Tudo na vida é um concurso

susanaalbuquerque2Na abertura da época, e como presidente do Clube de Criativos, tenho que confessar que tenho uma relação de amor/ódio com os festivais.

No seu pior, um Festival de Publicidade é uma feira de vaidades, um íman para criativos egocêntricos, capazes de manipular e inventar trabalho que não existe, subvertendo o negócio para ganhar cinco minutos de palco e uma promoção na carreira. Mas, no seu melhor, um Festival de Publicidade é uma feira de talentos e de mérito, cheio de gente que gosta do que faz e tem orgulho na profissão que escolheu. Detesto tanto os bicos dos pés como a vergonha profissional.

Mas nos festivais, entre jurados, premiados, palestrantes e público, encontro sobretudo gente que não desiste, curiosa e talentosa, inquieta por natureza e insatisfeita por vocação, nerds que, quando muitos dizem que já está bem, acham que ainda se pode fazer melhor. Gente que acha que o trabalho não é só uma coisa chata que nos obriga a ir para o mesmo sítio todos os dias, mas também um entusiasmo que nos pode levar a lugares diferentes em quase todos os projectos.

Os Festivais de Publicidade são os nossos simpósios da ambição criativa. Nas fichas de inscrição, só se preenche o que se conseguiu, não há espaço para preencher o que ficou pelo caminho ou para atribuir responsabilidades aos outros. Não há conferências sobre o queixume, só há apresentações de quem faz e como consegue fazer.

Não há misericórdia com os perdedores, eles tendem a ser invisíveis, o que é uma péssima sensação, a invisibilidade (mais ainda do que não ganhar um prémio). Se ganhas estás em alta, se não ganhas é como se não existisses. Esta awards way of life é orientada para o sucesso (felizmente dura poucos dias por ano), e quando assim é, sabe melhor estar do lado vencedor da barricada.
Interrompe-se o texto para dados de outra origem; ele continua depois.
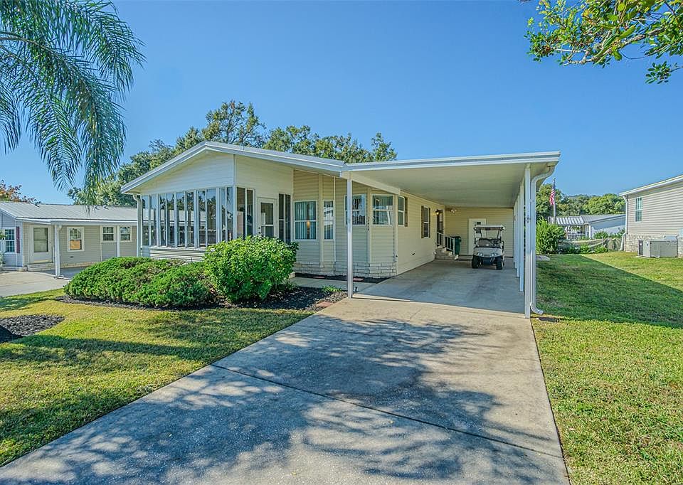 FURNISHED & Turn-key, GATED Grand Horizons home on exterior lot...barely used, meticulously maintained and ready for YOU! Enter from your covered carport into a Vaulted FLORIDA ROOM on the front of the home, with slider windows and tropical views! Sliding doors into the Spacious Living room provide a bright and airy feel! Kitchen is at the front of the home with bay kitchen dining nook, loads of cabinets, all appliances stay and vinyl look laminate flooring. Formal Dining Area for entertaining is off the kitchen, OPEN to living room. Guest Bedroom is spacious and can double as a den or craft /sewing room with bed and large closet, adjacent to guest bath! Owners suite is at the rear of the home with wall to wall mirrored closet and full bath ensuite with additional linen closet and large shower. Inside laundry room with broom closet and cabinets above washer/dryer for additional storage. Large utility shed attached to carport with workbench, tools and extra storage. Furnishings and GOLF CART Negotiable. OWN YOUR LAND in this 55+ community with resident owned clubhouse, heated pool/spa, shuffleboard, library, billiards, commercial kitchen, planned onsite activities and travel excursions! Located in Zephyrhills just north of Tampa in Sunny Florida. CALL TODAY to see why this IS the place to BE!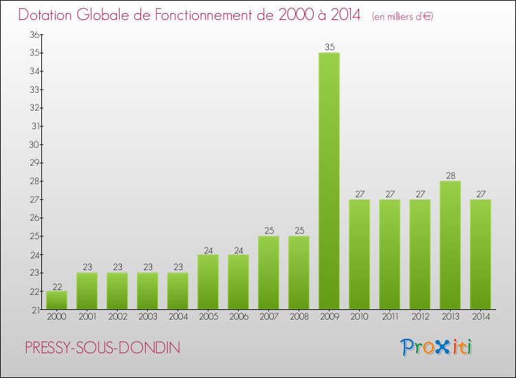 En effet, la dotation globale de fonctionnement versée par l'état en 2014 à la seule commune de Pressy-sous-Dondin était de : 27 000 € au total.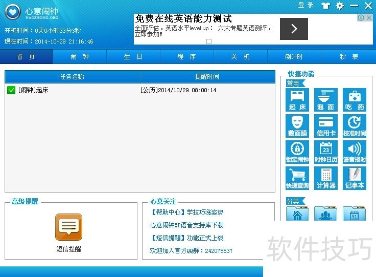 心意闹钟:多功能的免费提醒软件心意闹钟是一款永久免费的绿色桌面电脑闹钟软件。它集日程提醒与管理于一身,功能多样。想知道它怎么安装、设置以及使用吗?下面为你详细介绍。

Mesmo assim, até quando regressamos de mãos a abanar, somos contagiados pelos melhores e trazemos para casa uma dose de optimismo e a sensação de que “para o ano sou eu”.

Às vezes zangamo-nos com os festivais porque não concordamos com os critérios, porque não escolheram os nossos trabalhos, porque não reconhecemos o júri, porque é só um negócio, porque não reflectem a realidade do (mau) trabalho que anda na rua, ou apenas porque estamos sem dinheiro para as inscrições. Mas qualquer festival tem o objectivo de premiar o mérito e promover a excelência e esse é um objectivo obviamente bom, mesmo havendo muita gente que não está nem aí para este campeonato. E é um objectivo bom para Portugal. Destes festivais também saem contactos, convites para mostrar e promover o trabalho de cada um noutros países.

Dos festivais de publicidade saem prémios e orgulho próprio, mas também reputação e potencial de negócio. É assim em qualquer país, embora seja mais para uns países do que para outros.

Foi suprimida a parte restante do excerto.